• **Exercise instructions**:
Repeat, line for line, the entries below from the first line to the line containing "在明洪武年間,山東一位被貶的", counting both ends.

<<<<

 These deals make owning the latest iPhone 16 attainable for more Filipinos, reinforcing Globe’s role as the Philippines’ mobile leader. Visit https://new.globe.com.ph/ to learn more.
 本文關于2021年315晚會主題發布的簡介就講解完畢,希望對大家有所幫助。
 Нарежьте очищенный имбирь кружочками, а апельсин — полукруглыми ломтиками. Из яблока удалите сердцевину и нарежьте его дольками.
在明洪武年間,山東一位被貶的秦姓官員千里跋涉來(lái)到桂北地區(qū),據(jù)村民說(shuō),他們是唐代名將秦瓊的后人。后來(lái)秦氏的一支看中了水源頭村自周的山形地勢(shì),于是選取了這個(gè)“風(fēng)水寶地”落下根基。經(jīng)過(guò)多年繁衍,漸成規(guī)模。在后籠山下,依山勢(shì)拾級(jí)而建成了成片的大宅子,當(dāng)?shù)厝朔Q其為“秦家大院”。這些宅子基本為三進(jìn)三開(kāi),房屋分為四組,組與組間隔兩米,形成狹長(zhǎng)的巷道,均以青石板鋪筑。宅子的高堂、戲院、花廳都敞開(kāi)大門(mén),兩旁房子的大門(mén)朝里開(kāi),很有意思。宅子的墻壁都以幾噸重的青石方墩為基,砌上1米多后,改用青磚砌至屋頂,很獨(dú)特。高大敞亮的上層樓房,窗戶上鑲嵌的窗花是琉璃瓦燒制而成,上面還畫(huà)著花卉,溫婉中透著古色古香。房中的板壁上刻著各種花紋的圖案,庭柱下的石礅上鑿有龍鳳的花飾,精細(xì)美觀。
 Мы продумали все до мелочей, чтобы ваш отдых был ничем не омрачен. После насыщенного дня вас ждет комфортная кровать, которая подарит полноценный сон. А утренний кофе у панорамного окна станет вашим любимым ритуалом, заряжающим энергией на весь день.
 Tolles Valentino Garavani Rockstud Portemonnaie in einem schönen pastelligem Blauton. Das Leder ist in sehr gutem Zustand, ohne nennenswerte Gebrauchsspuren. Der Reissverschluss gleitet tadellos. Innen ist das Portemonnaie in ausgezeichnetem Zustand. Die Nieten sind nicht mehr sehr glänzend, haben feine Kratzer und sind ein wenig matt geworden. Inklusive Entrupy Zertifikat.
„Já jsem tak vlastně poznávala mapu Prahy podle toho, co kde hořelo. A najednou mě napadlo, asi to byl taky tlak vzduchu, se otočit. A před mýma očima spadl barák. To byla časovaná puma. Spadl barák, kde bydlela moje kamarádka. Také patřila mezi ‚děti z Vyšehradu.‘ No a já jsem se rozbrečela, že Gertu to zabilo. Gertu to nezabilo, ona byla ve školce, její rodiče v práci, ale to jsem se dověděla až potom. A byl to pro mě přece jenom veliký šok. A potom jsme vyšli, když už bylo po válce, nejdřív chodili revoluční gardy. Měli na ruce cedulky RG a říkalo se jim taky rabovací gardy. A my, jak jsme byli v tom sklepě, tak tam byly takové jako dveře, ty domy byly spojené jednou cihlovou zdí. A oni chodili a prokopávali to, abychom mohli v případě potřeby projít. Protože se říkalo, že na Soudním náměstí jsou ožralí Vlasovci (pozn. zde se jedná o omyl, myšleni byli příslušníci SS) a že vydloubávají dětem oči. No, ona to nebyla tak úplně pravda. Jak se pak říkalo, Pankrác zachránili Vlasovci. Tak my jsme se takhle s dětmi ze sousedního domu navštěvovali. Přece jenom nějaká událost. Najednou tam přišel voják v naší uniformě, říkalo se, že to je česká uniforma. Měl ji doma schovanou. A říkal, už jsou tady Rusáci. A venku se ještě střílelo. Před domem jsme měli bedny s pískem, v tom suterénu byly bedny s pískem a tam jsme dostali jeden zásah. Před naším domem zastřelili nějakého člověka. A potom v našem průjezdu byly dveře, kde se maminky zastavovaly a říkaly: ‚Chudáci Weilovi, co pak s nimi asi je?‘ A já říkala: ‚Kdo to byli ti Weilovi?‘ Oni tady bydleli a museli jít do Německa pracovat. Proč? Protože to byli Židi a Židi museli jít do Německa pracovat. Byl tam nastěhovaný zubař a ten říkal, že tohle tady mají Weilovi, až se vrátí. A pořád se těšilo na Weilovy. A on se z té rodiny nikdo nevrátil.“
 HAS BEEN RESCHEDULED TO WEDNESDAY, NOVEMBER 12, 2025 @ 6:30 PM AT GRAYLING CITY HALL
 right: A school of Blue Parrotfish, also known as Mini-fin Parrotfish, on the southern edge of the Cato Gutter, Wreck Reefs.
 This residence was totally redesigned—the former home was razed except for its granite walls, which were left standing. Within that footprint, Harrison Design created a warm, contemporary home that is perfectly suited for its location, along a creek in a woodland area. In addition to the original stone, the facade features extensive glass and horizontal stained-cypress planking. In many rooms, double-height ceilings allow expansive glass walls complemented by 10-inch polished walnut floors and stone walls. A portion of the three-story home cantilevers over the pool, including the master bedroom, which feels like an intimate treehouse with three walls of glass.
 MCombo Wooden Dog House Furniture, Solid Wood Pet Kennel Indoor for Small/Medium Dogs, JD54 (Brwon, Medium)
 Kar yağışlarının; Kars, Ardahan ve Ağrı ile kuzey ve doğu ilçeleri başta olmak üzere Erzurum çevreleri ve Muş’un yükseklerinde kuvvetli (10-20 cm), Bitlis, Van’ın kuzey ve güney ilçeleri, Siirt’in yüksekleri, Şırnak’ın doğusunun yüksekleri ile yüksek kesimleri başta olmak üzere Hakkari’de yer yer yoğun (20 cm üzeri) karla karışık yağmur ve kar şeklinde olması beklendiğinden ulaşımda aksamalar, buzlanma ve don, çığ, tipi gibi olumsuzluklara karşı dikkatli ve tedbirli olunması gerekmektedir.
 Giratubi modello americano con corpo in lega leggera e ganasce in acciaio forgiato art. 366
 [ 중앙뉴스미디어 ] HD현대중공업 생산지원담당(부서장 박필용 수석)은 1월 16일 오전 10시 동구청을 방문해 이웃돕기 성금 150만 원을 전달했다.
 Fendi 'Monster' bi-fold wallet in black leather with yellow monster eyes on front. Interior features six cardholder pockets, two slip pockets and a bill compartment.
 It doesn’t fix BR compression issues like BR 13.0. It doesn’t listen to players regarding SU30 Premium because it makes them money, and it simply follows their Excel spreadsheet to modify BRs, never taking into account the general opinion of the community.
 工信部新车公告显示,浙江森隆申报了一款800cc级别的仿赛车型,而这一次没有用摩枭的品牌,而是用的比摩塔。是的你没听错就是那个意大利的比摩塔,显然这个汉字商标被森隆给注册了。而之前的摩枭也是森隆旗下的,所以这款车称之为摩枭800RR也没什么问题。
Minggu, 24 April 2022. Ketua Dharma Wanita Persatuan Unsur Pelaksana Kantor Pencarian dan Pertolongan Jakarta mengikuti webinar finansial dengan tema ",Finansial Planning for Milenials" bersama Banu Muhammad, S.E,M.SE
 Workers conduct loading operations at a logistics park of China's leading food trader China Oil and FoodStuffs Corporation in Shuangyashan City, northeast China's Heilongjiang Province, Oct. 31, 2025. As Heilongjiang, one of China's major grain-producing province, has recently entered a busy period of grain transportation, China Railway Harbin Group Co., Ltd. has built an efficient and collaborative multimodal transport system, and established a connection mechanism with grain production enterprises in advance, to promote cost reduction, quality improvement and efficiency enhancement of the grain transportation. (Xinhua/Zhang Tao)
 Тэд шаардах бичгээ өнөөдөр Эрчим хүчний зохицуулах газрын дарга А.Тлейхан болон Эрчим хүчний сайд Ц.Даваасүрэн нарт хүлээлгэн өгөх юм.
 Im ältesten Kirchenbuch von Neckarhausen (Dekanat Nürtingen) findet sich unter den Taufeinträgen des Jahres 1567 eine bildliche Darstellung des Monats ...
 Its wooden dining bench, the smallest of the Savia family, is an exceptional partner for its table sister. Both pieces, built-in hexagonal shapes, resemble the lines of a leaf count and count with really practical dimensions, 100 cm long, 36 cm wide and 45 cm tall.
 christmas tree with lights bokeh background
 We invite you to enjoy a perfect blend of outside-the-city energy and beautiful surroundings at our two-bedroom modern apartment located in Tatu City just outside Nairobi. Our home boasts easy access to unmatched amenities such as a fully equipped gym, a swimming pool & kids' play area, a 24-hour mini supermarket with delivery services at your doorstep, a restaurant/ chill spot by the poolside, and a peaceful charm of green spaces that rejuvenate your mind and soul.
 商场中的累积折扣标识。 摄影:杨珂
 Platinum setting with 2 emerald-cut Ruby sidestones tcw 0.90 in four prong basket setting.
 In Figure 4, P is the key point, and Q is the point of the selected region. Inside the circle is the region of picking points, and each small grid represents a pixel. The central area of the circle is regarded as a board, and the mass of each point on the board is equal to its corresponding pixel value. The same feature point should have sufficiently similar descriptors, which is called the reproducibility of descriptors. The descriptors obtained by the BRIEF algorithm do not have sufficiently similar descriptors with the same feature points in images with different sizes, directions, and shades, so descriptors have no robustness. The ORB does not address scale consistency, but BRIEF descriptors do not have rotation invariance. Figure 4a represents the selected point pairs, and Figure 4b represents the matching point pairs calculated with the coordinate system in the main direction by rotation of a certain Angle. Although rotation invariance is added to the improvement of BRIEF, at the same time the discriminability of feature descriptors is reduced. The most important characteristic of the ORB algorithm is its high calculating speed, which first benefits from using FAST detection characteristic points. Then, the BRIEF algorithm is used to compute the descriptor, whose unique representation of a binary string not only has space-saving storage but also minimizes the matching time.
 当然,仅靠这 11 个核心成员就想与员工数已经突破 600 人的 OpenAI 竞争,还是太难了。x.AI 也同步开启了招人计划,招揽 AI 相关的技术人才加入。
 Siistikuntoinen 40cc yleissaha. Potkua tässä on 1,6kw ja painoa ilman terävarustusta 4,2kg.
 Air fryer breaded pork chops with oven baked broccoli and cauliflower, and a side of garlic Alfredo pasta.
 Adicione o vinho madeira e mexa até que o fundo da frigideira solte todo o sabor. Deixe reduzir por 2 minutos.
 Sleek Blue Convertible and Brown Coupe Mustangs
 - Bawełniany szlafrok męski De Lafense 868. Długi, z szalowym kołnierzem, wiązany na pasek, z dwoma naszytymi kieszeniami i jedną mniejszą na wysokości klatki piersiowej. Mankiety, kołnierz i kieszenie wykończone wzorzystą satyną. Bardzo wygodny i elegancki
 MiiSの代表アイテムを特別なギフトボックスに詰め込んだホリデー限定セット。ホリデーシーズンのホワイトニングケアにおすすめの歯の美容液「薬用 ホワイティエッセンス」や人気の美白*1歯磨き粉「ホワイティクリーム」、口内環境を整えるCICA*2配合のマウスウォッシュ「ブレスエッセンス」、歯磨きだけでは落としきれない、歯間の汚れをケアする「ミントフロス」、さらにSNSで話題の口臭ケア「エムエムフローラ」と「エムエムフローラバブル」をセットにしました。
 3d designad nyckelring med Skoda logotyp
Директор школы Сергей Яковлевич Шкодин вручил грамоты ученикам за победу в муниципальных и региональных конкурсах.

>>>>

• **Task solution**:
 These deals make owning the latest iPhone 16 attainable for more Filipinos, reinforcing Globe’s role as the Philippines’ mobile leader. Visit https://new.globe.com.ph/ to learn more.
 本文關于2021年315晚會主題發布的簡介就講解完畢,希望對大家有所幫助。
 Нарежьте очищенный имбирь кружочками, а апельсин — полукруглыми ломтиками. Из яблока удалите сердцевину и нарежьте его дольками.
在明洪武年間,山東一位被貶的秦姓官員千里跋涉來(lái)到桂北地區(qū),據(jù)村民說(shuō),他們是唐代名將秦瓊的后人。后來(lái)秦氏的一支看中了水源頭村自周的山形地勢(shì),于是選取了這個(gè)“風(fēng)水寶地”落下根基。經(jīng)過(guò)多年繁衍,漸成規(guī)模。在后籠山下,依山勢(shì)拾級(jí)而建成了成片的大宅子,當(dāng)?shù)厝朔Q其為“秦家大院”。這些宅子基本為三進(jìn)三開(kāi),房屋分為四組,組與組間隔兩米,形成狹長(zhǎng)的巷道,均以青石板鋪筑。宅子的高堂、戲院、花廳都敞開(kāi)大門(mén),兩旁房子的大門(mén)朝里開(kāi),很有意思。宅子的墻壁都以幾噸重的青石方墩為基,砌上1米多后,改用青磚砌至屋頂,很獨(dú)特。高大敞亮的上層樓房,窗戶上鑲嵌的窗花是琉璃瓦燒制而成,上面還畫(huà)著花卉,溫婉中透著古色古香。房中的板壁上刻著各種花紋的圖案,庭柱下的石礅上鑿有龍鳳的花飾,精細(xì)美觀。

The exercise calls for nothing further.